Run Multiple Independent Bayesian PGMM Chains
Description
Runs independent 'pgmm_rjmcmc()' chains, optionally in parallel. This is the safest way to use multiple CPU cores because each MCMC iteration depends on the previous state, while independent chains can be evaluated concurrently.
Usage
pgmm_rjmcmc_chains(
X,
m_init,
m_range,
q_new,
delta = 2,
ggamma = 2,
burn = 20,
niter = 1000,
constraint = c(0, 0, 0),
d_vec = c(1, 1, 1),
s_vec = c(1, 1, 1),
m_step = 0,
v_step = 0,
split_combine = 0,
verbose = FALSE,
chains = 2,
cores = min(chains, available_cores()),
seed = NULL
)
Arguments
X |
the observation matrix with variables in rows and observations in columns. |
m_init |
the number of initial clusters. |
m_range |
the allowed range for the number of clusters. |
q_new |
the number of latent factors for a new cluster. |
delta |
scalar hyperparameter for the noise covariance prior |
ggamma |
scalar hyperparameter used in covariance-structure proposals |
burn |
the number of burn-in iterations |
niter |
the number of posterior sampling iterations |
constraint |
initial PGMM covariance constraint. Use a three-letter model label such as '"CCC"' or '"UUU"', or a numeric vector of length three with binary entries. For example, 'c(1, 1, 1)' is 'CCC', the fully constrained model, and 'c(0, 0, 0)' is 'UUU', the fully unconstrained model. |
d_vec |
a vector of hyperparameters with length three, shape parameters for alpha1, alpha2 and bbeta respectively |
s_vec |
a vector of hyperparameters with length three, rate parameters for alpha1, alpha2 and bbeta respectively |
m_step |
indicator for RJMCMC model selection on the number of clusters. |
v_step |
indicator for RJMCMC model selection on covariance structures. |
split_combine |
indicator for using split/combine moves in the cluster-number RJMCMC step. |
verbose |
logical; if 'TRUE', print iteration progress. |
chains |
positive integer giving the number of independent chains. |
cores |
positive integer giving the number of worker processes to use. Values greater than 'chains' are reduced to 'chains'. |
seed |
optional integer seed used to generate deterministic per-chain seeds. |
Value
A list with one fitted 'pgmm_rjmcmc()' result per chain. The result has class 'bpgmm_rjmcmc_chains' and stores the per-chain seeds in the 'chain_seeds' attribute.

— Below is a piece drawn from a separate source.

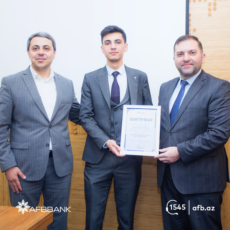 Qeyd edək ki, AFB Bank tərəfindən təşkil edilən təcrübə proqramlarının köməyi ilə gənclər işləyərək öyrənmək, real iş mühiti ilə tanışlıq, güclü komandada işləmək imkanları qazanırlar. Təcrübə proqramını uğurla başa vuran şəxslər Bank tərəfindən sertifikatla təltif edilərək, Bankın işçi ehtiyacı çərçivəsində işlə təmin olunur və ya ehtiyat kadr bazasına daxil edilirlər.

Summarize RJMCMC Samples from a Bayesian PGMM Fit
Description
Summarizes posterior samples from [pgmm_rjmcmc()] into the modal allocation, posterior counts for the number of clusters, posterior counts for the eight PGMM covariance-constraint models, and optionally the adjusted Rand index against a known reference partition.
Usage
summarize_pgmm_rjmcmc(fit, true_cluster = NULL)
Arguments
fit |
Result list from [pgmm_rjmcmc()]. |
true_cluster |
Optional true or reference cluster allocation. |
Value
A list with 'allocation', 'n_clusters', 'n_constraints', and optionally 'ari'.